Tonsgard takes down disputed gate

Company owner removes barrier until state lawsuit resolved

Posted: Friday, December 29, 2000

Channel Construction has removed a locked gate across the road to the Boy Scout camp trailhead near Eagle Beach until a lawsuit with the state is settled.

The state has sued Channel Construction, owned by William "Shorty" Tonsgard, to permanently remove the gate, which was put up two months ago. The state says the gate blocks a public easement on Boy Scout Camp Road. The road leads to a trail to the camp, which had a key to the locked gate, and to public land along the beach.

But Tonsgard, who owns 147 acres surrounding the road, has said the easement reverted to him because it hasn't been maintained, as required by the original deed.

Daniel Hickey, Tonsgard's attorney, notified Juneau Superior Court on Thursday that the gate was being removed and wouldn't be reinstalled during the lawsuit.

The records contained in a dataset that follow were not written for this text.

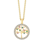 Lebensbaum Kette vergoldet, Kreis mit Zirkonia in verschiedenen Farben
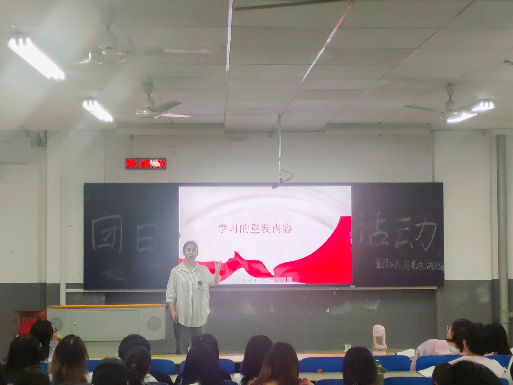 张宇新作活动总结。她表示,作为新时代青年,同学们肩负着时代重任,承载着民族梦想。她希望,在面对时代的挑战和机遇时,各团员能勇于创新,敢于担当,勇于探索未知,在各自的领域里追求卓越,成为时代的引领者。
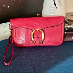 GUC - Fuchsia-colored leather clutch/wristlet with gold-tone hardware, including heavy buckle. By Coach and Four.

But they aren't conceding on the substance of the lawsuit.

Hickey, speaking from his Anchorage office today, said a question about the validity of a Forest Service deed to a parcel within Tonsgard's property has halted construction work that made the gate necessary.

"Shorty put up the gate primarily because of concerns with the construction activity he had going on," Hickey said. Tonsgard also was concerned about the safety of people who use the road, Hickey said.

Hickey said Tonsgard hadn't heard of the Forest Service deed until the state mentioned it earlier this month. Hickey said it's not clear the deed is valid, or if it is, what land it refers to. Tonsgard has been paying property taxes on the 147 acres since buying the land in 1998, Hickey said.

The questions about the Forest Service deed aren't the main issue that's disputed in the lawsuit, which is the validity of two deeds to rights of way granted by the original landowner to the federal government in the 1930s. The rights of way run along Boy Scout Camp Road and Herbert River Truck Road. The Boy Scout Camp Road has been the focus of the dispute for the public because Tonsgard gated it.

"The state has asserted it's a public highway and we have the right to use that highway," said Assistant Attorney General Peter Putzier. "And Shorty has said, 'No, it's an easement that reverts to me, but we'll leave it open until the end of this (legal) action.' "

Putzier and Hickey said it will take months to research documents and take depositions before a judge hears the case.